Но Глуд, как бы решив удивить его своею расторопностью, только успев
понимающе наклонить голову и проговорить: "Зараз доставлю", - исчез, и очень
скоро на столе зачернела школьного типа чернильница-непроливайка и забелел
лист бумаги.
Это не могло не показаться Владимиру Ильичу добрым знаком, и
действительно вслед за всей этой благодатью в камере появился невысокий,
слабого на вид сложения человек лет тридцати двух-трех, с косым пробором
жидких волос, с открытым белым лбом, бритый, как актер, одетый по-летнему, с
папкой в руке.
Поклонившись как будто даже несколько театрально и положив папку на
стол, вошедший сказал по-немецки:
- Я судебный следователь, и мне прислали о вас бумагу. Прошу отвечать
на мои вопросы со всей откровенностью.
- Очень рад! - невольно обрадованно отозвался на это Владимир Ильич,
вплотную придвинувшись к столу.
Он стоял, следователь сел на табурет, Глуд дежурил у двери.
Этот приход следователя объяснил Ленину и появление в его камере чернил
и бумаги, но у следователя оказалась своя бумага и свое "вечное перо".
После первых же вопросов, когда следователь узнал и записал, что
Владимир Ильич имеет литературный и партийный псевдоним Ленин, он поднял на
него расширенно-пристальные глаза и сказал изумленно:
- Ленин!.. Но позвольте, ведь это имя очень хорошо известно!
- Очевидно, не всякому, иначе бы я здесь не сидел, - возразил Ленин.

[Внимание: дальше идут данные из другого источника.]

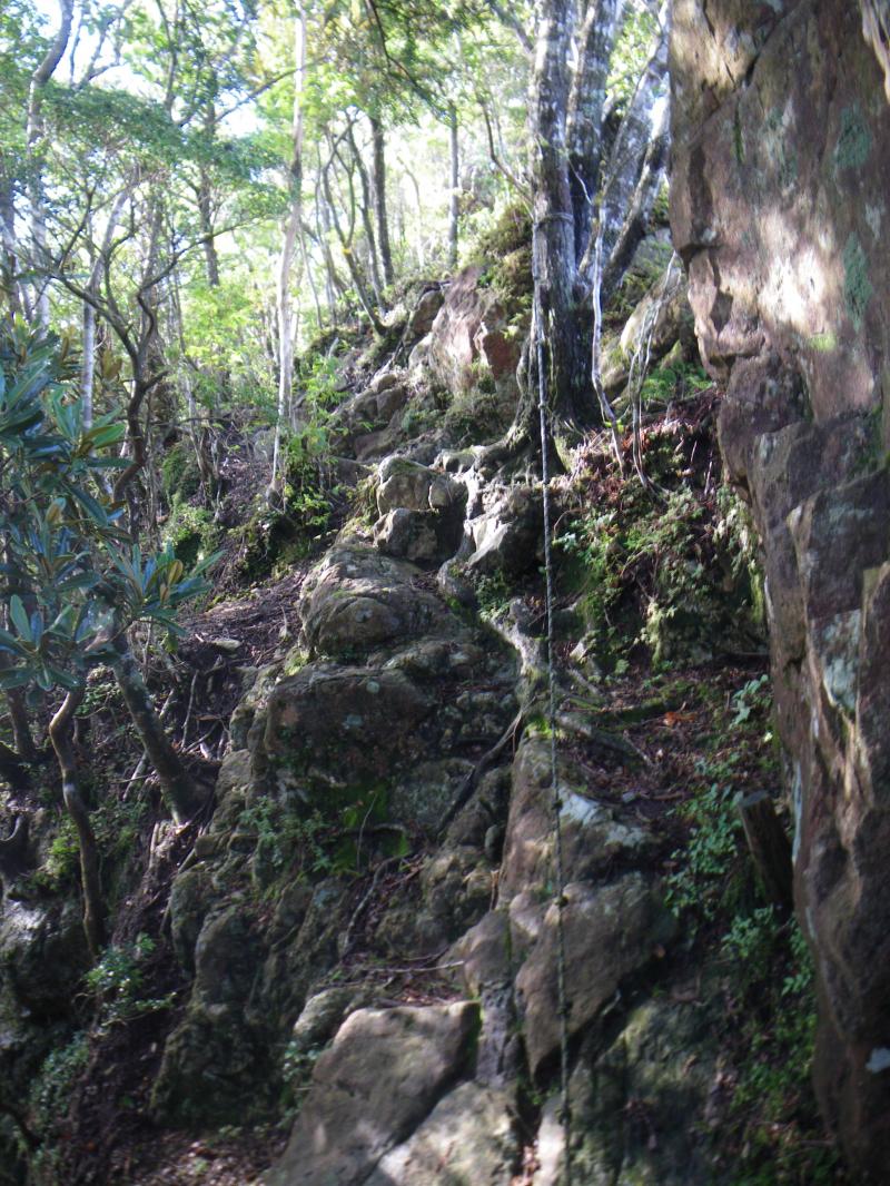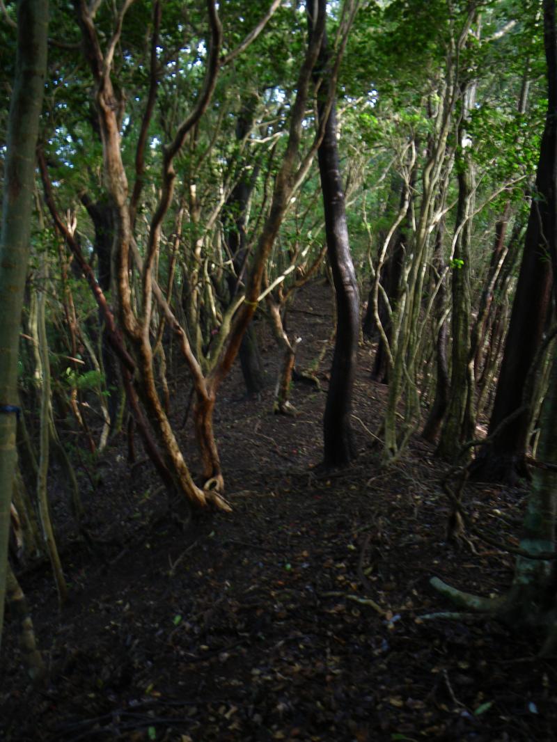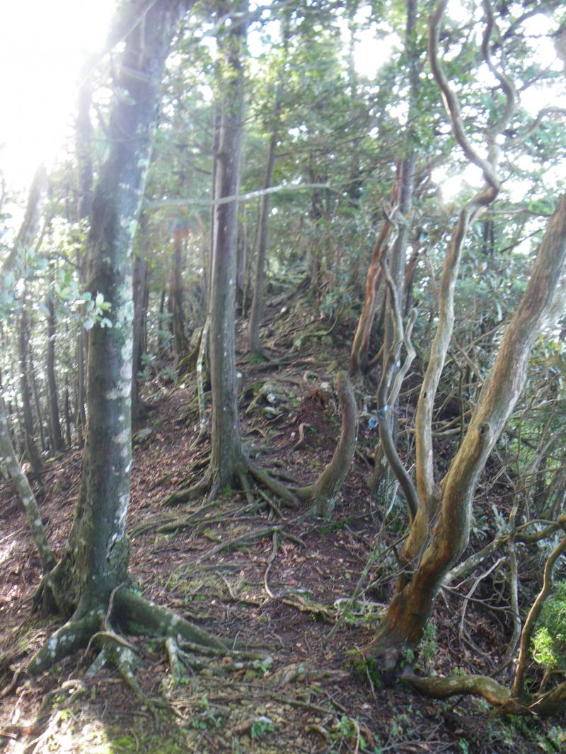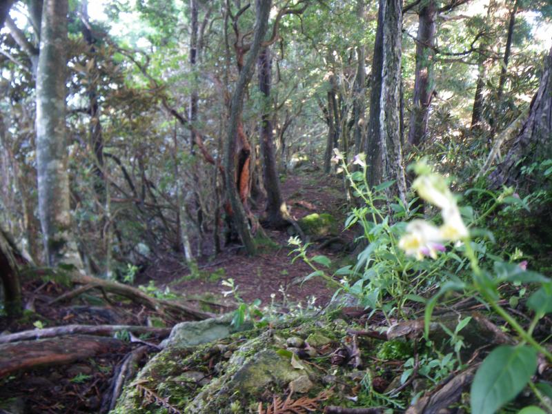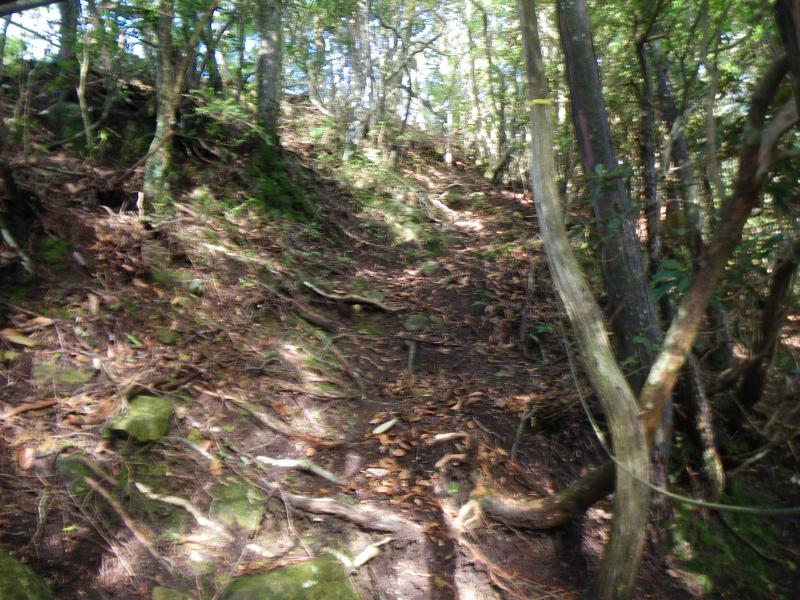 ⑤尾根からは一転、細いヤセ尾根になり、東峰への登りと頂上への登りが急です
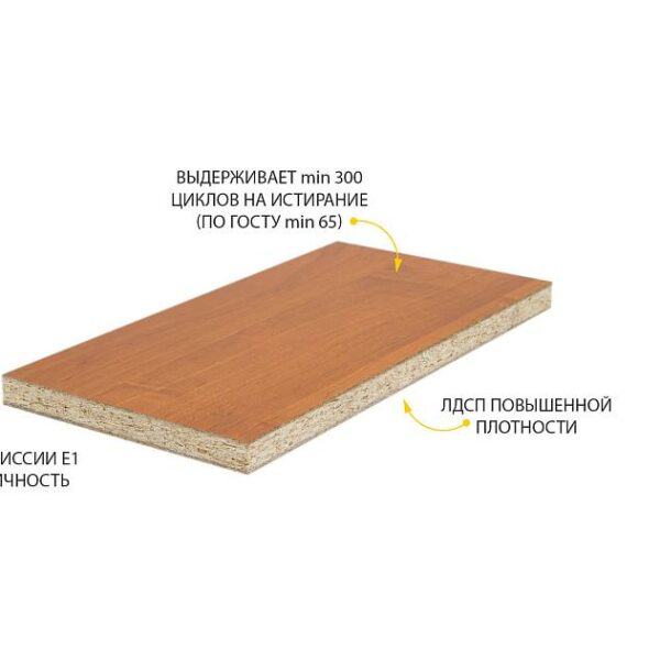 ЛДСП выдерживает min 300 циклов на истирание, что почти в 5 раз больше, чем требуется по ГОСТу (min 65).
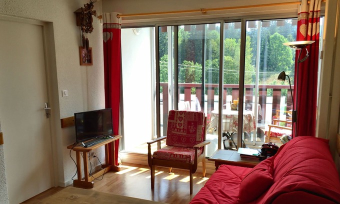 Apartment of 32m2, two rooms in very good condition and well arranged, four beds (two single beds of 90cm) in the bedroom and a double convertible sofa 140cm), with balcony-veranda facing south-east with view of the Dôle. Kitchen area, toaster, microwave, TV. Parking, heated swimming pool, (open July and August) and tennis court.
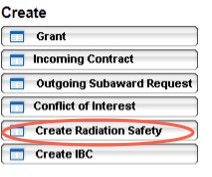 To create a new Radiation Safety application, click on the Create Radiation Safety button on the left task bar.

Следователь посмотрел на бумажку, полученную им, как догадался Владимир
Ильич, от старосты, и спросил, улыбнувшись:
- Вас, гражданин Ульянов, подозревают в шпионаже в пользу России на том
только основании, что вы получаете из России деньги. Откуда же вы их
получаете?
- От редакции газеты "Правда", где я сотрудничал почти в каждом
номере... Употребляю прошедшее время - "сотрудничал", так как газета эта
закрыта перед самой войной русским правительством. А до того она издавалась
легально, несмотря на свою революционность, но, разумеется, сильно страдала
от репрессий со стороны русских властей. Да ведь ради руководства этой
газетой я и поселился здесь, поближе к русской границе, - добавил Владимир
Ильич. - Согласитесь сами, что мне при моем положении, при моем отношении к
русскому правительству предъявлять обвинение в шпионаже в пользу этого
правительства, с которым борюсь я всю свою сознательную жизнь, - чистейшей
воды абсурд!
- Абсурд! Действительно абсурд! - не замедлил согласиться следователь.
- И я должен буду написать об этом с возможной закругленностью. Присядьте,
пожалуйста, хотя бы на койку, гражданин Ульянов!
И, почувствовав при этих словах следователя действительную
необходимость сесть, Владимир Ильич опустился на лохматое серое одеяло в
первый раз за этот богатый событиями день, так как только теперь ощутил
большую усталость во всем теле. Зато он был обрадован тем, что Иозеф Глуд от
дверей глядел на него непритворно сияющими глазами.
Следователь писал несколько минут, а потом, когда объявилась ему
необходимость задать "для округленности" еще два-три вопроса, Ленин отвечал
ему, уже сидя на койке; эти вопросы касались отобранных у него тетрадей.
Уходя из камеры, следователь сказал торжественным тоном:
- Я, гражданин Ульянов, направлю дело к прекращению!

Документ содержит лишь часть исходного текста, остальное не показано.